Instructions to follow
Everything in the records must be copied exactly, apart from the pictures.

Data for review

▼

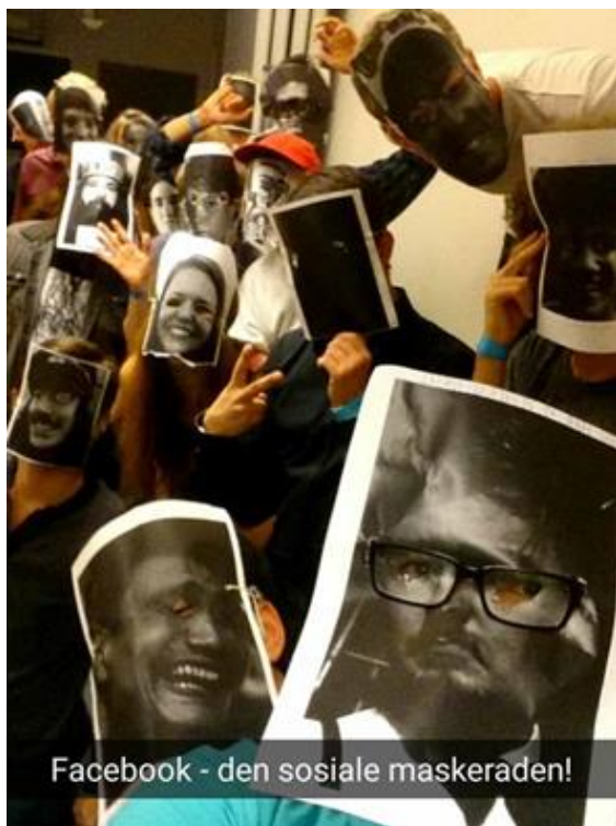
Fra fadderuken høsten 2015

hvor de fikk se både Wittgensteinarkivet og masterlesesalene. Den siste kvelden hadde vi filosofileker i en forelesningssal på instituttet. I det ene rommet ble man delt inn i to grupper, der den ene siden skulle prøve å bygge opp en definisjon mens den andre gruppen skulle prøve å bryte den ned. I det andre rommet satt en og en filosofistudent overfor hverandre og byttet på å argumentere for eller mot en påstand, slik man skal ha gjort på skolen i Athen i Platons tid. Senere på kvelden var det utkledningsfest på Bryggen Nightclub, hvor temaet var maskerade. Filosofifaddergruppen bestemte seg for å gi temaet en unik vri, ved å omformulere temaet til "Facebook, den sosiale maskeraden". Studentene printet dermed ut kopier av sine egne profilbilder, som de festet til seg selv. Det samfunnskritiske og humoristiske innslaget ble tatt vel imot av andre medstudenter på Bryggen Nightclub. I det hele tatt var det en svært underholdende og spennende uke, både for fadderbarn og faddere, og vi i fagutvalget håper at det gjør sitt til å styrke studentmiljøet og forhåpentligvis minke frafallet. Vi tror også at denne uken gjorde sitt til at antall medlemmer i fagutvalget nå er det høyeste på svært lenge.
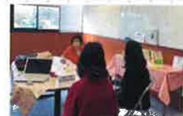
ほっとカフェ～オレンジの輪～(アステラス)

認知症のある人や家族、支援する人が参加して話し合い、情報交換する場として、ほっとカフェ(認知症カフェ)を開催し、介護している家族や本人を応援します。
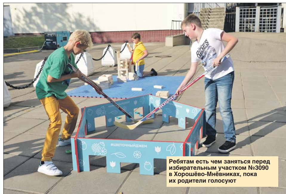
Ребятам есть чем заняться перед избирательным участком №3090 в Хорошёво-Мнёвниках, пока их родители голосуют
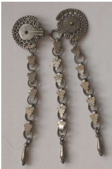
Рис. 12. Поясная застежка со стилизованным изображением личины барана. Серебро, позолота. Литье. Казанские татары. НМ РТ, инв. 10217-22.
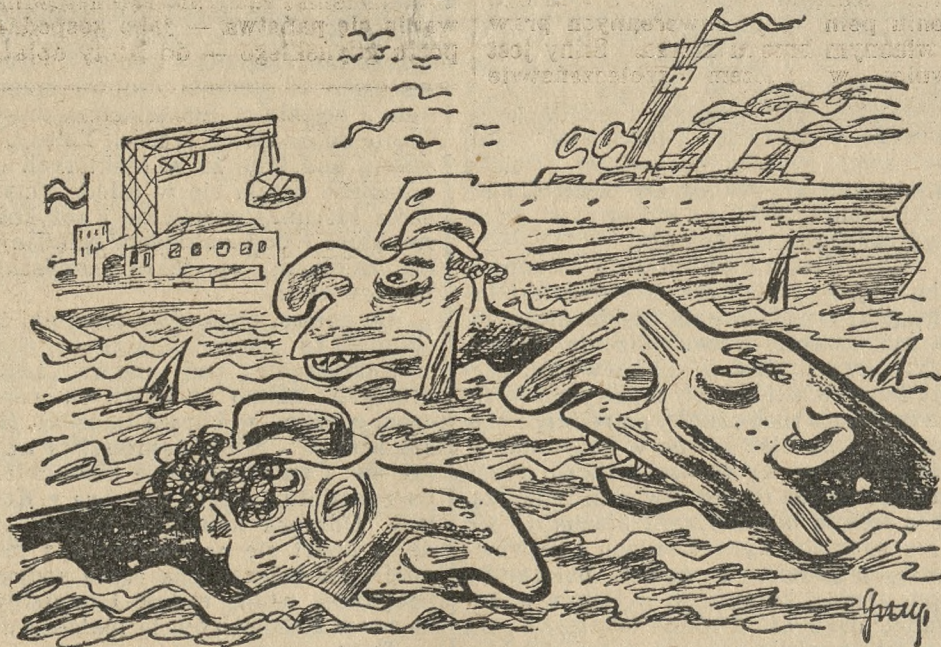
Polski Bałtyk zaroził się w ostatnich czasach drapieżnymi żarłaczami.

▲

Output
Fra fadderuken høsten 2015

hvor de fikk se både Wittgensteinarkivet og masterlesesalene. Den siste kvelden hadde vi filosofileker i en forelesningssal på instituttet. I det ene rommet ble man delt inn i to grupper, der den ene siden skulle prøve å bygge opp en definisjon mens den andre gruppen skulle prøve å bryte den ned. I det andre rommet satt en og en filosofistudent overfor hverandre og byttet på å argumentere for eller mot en påstand, slik man skal ha gjort på skolen i Athen i Platons tid. Senere på kvelden var det utkledningsfest på Bryggen Nightclub, hvor temaet var maskerade. Filosofifaddergruppen bestemte seg for å gi temaet en unik vri, ved å omformulere temaet til "Facebook, den sosiale maskeraden". Studentene printet dermed ut kopier av sine egne profilbilder, som de festet til seg selv. Det samfunnskritiske og humoristiske innslaget ble tatt vel imot av andre medstudenter på Bryggen Nightclub. I det hele tatt var det en svært underholdende og spennende uke, både for fadderbarn og faddere, og vi i fagutvalget håper at det gjør sitt til å styrke studentmiljøet og forhåpentligvis minke frafallet. Vi tror også at denne uken gjorde sitt til at antall medlemmer i fagutvalget nå er det høyeste på svært lenge.
ほっとカフェ～オレンジの輪～(アステラス)

認知症のある人や家族、支援する人が参加して話し合い、情報交換する場として、ほっとカフェ(認知症カフェ)を開催し、介護している家族や本人を応援します。
Ребятам есть чем заняться перед избирательным участком №3090 в Хорошёво-Мнёвниках, пока их родители голосуют
Рис. 12. Поясная застежка со стилизованным изображением личины барана. Серебро, позолота. Литье. Казанские татары. НМ РТ, инв. 10217-22.
Polski Bałtyk zaroził się w ostatnich czasach drapieżnymi żarłaczami.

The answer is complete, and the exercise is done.